= WORK TASK =
Find the line below with "但大模型进化后,流水线的残酷" and the line with "Pro Tips: Use". Output exactly those lines and everything between them, leaving out the pictures.

===== SOURCE DATA =====

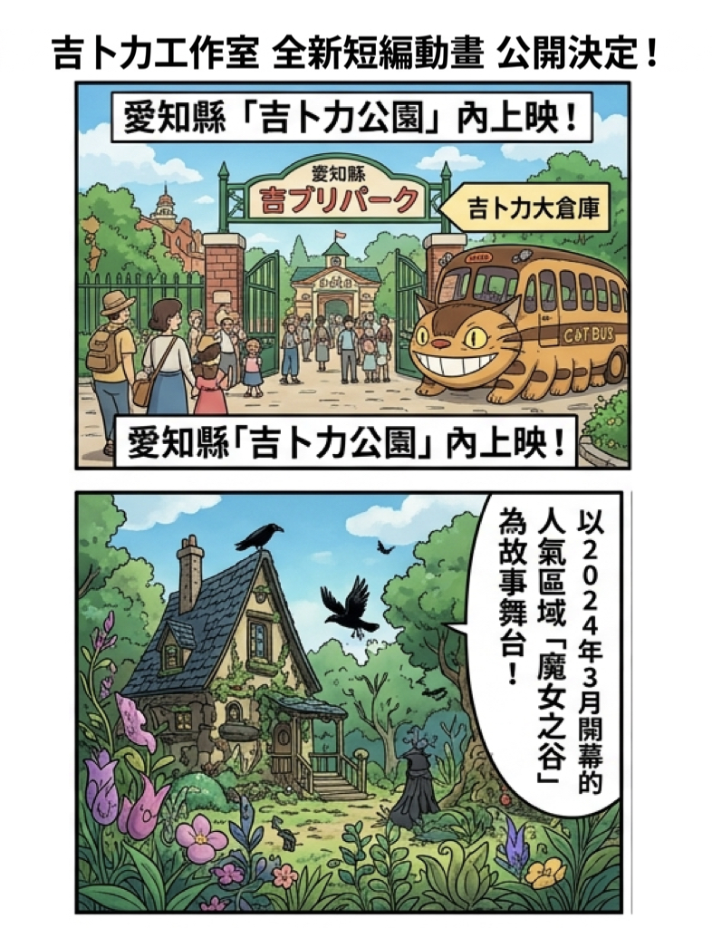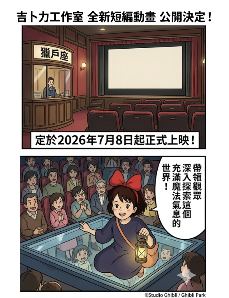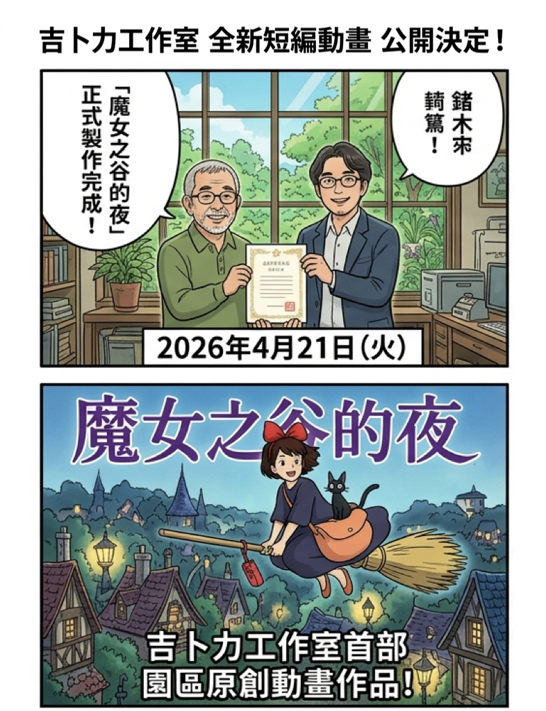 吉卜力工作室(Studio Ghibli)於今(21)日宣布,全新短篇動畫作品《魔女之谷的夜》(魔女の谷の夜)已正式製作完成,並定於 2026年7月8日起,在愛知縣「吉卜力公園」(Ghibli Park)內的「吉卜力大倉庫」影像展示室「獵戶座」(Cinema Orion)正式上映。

=====
===== SOURCE DATA =====

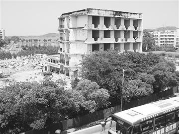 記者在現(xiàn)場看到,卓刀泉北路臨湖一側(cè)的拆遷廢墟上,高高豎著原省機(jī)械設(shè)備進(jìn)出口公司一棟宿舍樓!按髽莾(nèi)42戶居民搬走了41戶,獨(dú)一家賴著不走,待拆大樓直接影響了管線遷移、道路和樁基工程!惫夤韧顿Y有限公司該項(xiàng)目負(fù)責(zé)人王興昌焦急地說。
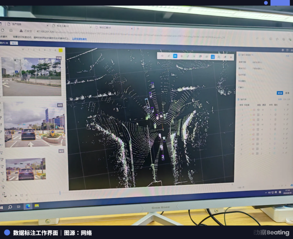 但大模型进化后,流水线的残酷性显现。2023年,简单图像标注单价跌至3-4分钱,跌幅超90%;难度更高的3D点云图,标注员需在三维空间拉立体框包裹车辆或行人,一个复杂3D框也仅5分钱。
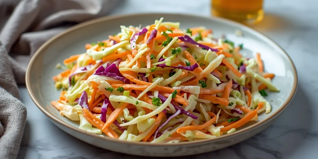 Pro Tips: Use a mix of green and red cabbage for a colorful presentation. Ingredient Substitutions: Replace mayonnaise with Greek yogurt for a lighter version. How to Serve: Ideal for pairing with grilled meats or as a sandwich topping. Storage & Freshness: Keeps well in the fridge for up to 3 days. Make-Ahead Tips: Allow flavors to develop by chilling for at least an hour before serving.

=====

= ANSWER TO THIS TASK =
 但大模型进化后,流水线的残酷性显现。2023年,简单图像标注单价跌至3-4分钱,跌幅超90%;难度更高的3D点云图,标注员需在三维空间拉立体框包裹车辆或行人,一个复杂3D框也仅5分钱。
 Pro Tips: Use a mix of green and red cabbage for a colorful presentation. Ingredient Substitutions: Replace mayonnaise with Greek yogurt for a lighter version. How to Serve: Ideal for pairing with grilled meats or as a sandwich topping. Storage & Freshness: Keeps well in the fridge for up to 3 days. Make-Ahead Tips: Allow flavors to develop by chilling for at least an hour before serving.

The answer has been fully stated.